Would you please write out only the lines running from the top of the listing through the one holding "梵豪登巧克力砖黑白巧烘焙代可可脂巧克力块1kg*10袋铲花刨花商用", exactly, with both ends kept and pictures left out?

☆ ☆ ☆ ☆ ☆

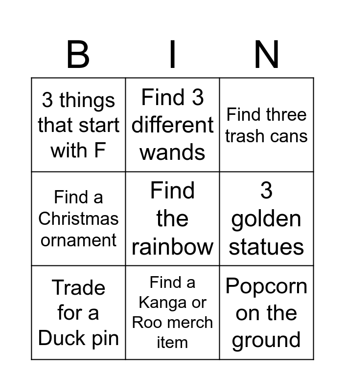 This bingo card has 9 words: Trade for a Duck pin, Find the rainbow, Find three trash cans, 3 things that start with F, Find 3 different wands, 3 golden statues, Find a Christmas ornament, Find a Kanga or Roo merch item and Popcorn on the ground.
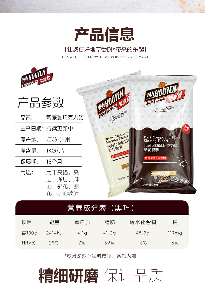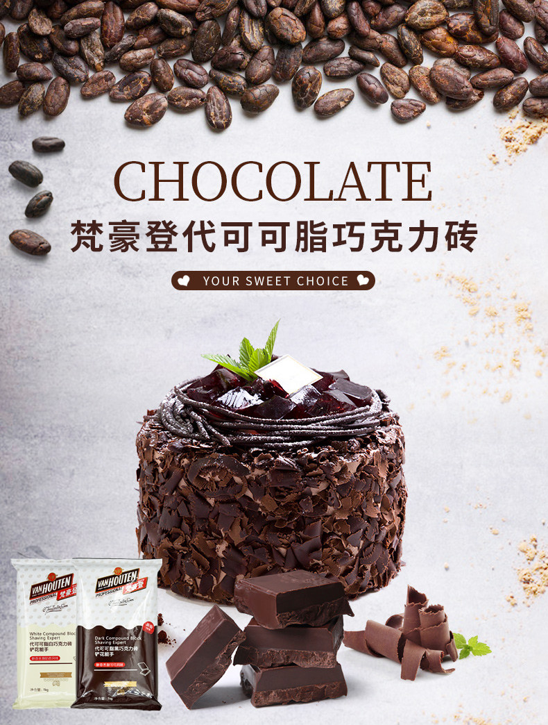 梵豪登巧克力砖黑白巧烘焙代可可脂巧克力块1kg*10袋铲花刨花商用
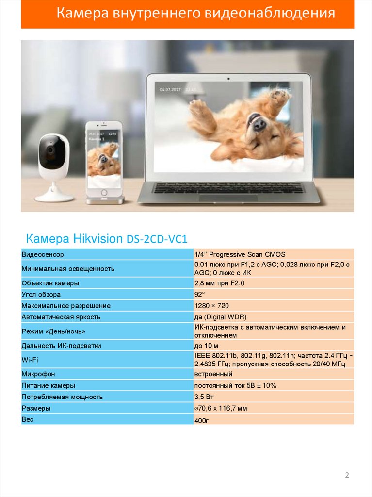 Камера внутреннего видеонаблюденияКамера Hikvision DS-2CD-VC1
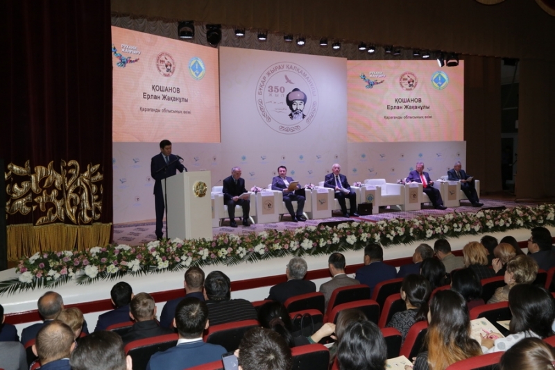 كونفەرەنتسيا جۇمىسىن اشىپ, جۇرگىزگەن قاراعاندى وبلىسىنىڭ اكىمى ەرلان قوشانوۆ بيىل بۇقار جىراۋ قالقامان ۇلىنىڭ 350 جىلدىعى اياسىندا وتكىزىلگەن شارالار تۋرالى ايتىپ بەردى.
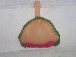 そのトレーを使用し、口腔内周囲の筋形成といわれる作業をコンパウンドを使用して筋圧で変形する軟組織にさまざまな運動を行わせ、運動時の形を採得し、その後流れのいいシリコンラバーの印象材を用いて行います。当院では保険診療の患者さんにも必ずこれを行います。それから、模型を起こしてこれを作業模型としております。
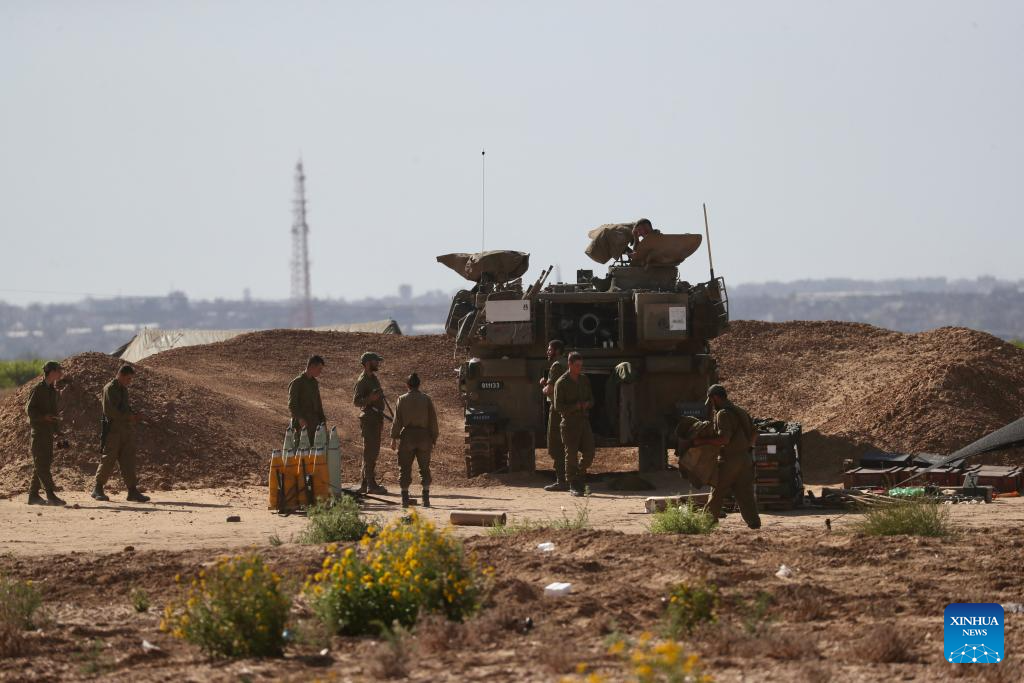 Israeli troops are deployed near the Kerem Shalom crossing in southern Israel, on May 8, 2024. Israel's army announced on Wednesday that it was continuing its ground assault on Gaza's Rafah, reporting approximately 30 casualties since the offensive began on Monday night. According to an army statement, the 30 casualties were militants, while Gaza health officials reported about 35 deaths, including a four-month-old baby. (Photo by Jamal Awad/Xinhua)
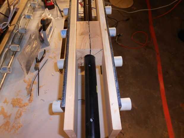 Centro y montar el tablero en las caras de dos abrazaderas de soporte. Utilice tornillos de drywall de 1 1/4". Biselado no es necesario para madera blanda. Se puede perforar cerca de la mitad de las pinzas por el espesor de los materiales.
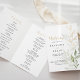 Dieses goldgrüne, gefaltete Hochzeitsprogramm ist perfekt für eine rustikale Hochzeit. Dieses künstlerische Design mit handgezeichnet Aquarellgold und grünem Blattwerk inspiriere natürliche Schönheit. Geben Sie ein Angebot oder eine kurze Nachricht, die Reihenfolge des Dienstes, Hochzeitsfeier und Dankeschön Nachricht.
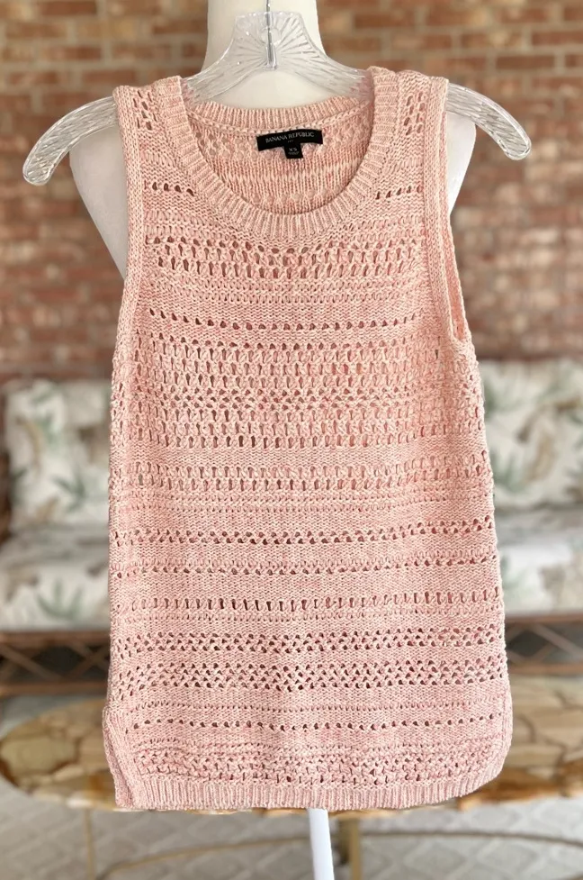 Banana Republic Factory Peach Knit Tank Top ~ peach and ivory knit sweater tank top ~ lightweight c... Show more
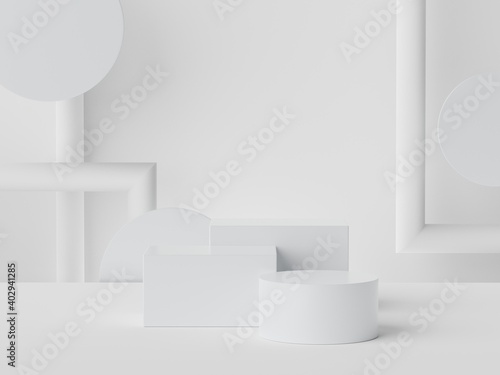 3d rendering geometric forms. Blank podium display in white marble color. Minimalist pedestal or showcase scene for present product and mock up.

☆ ☆ ☆ ☆ ☆

** Result of the task **
 This bingo card has 9 words: Trade for a Duck pin, Find the rainbow, Find three trash cans, 3 things that start with F, Find 3 different wands, 3 golden statues, Find a Christmas ornament, Find a Kanga or Roo merch item and Popcorn on the ground.
 梵豪登巧克力砖黑白巧烘焙代可可脂巧克力块1kg*10袋铲花刨花商用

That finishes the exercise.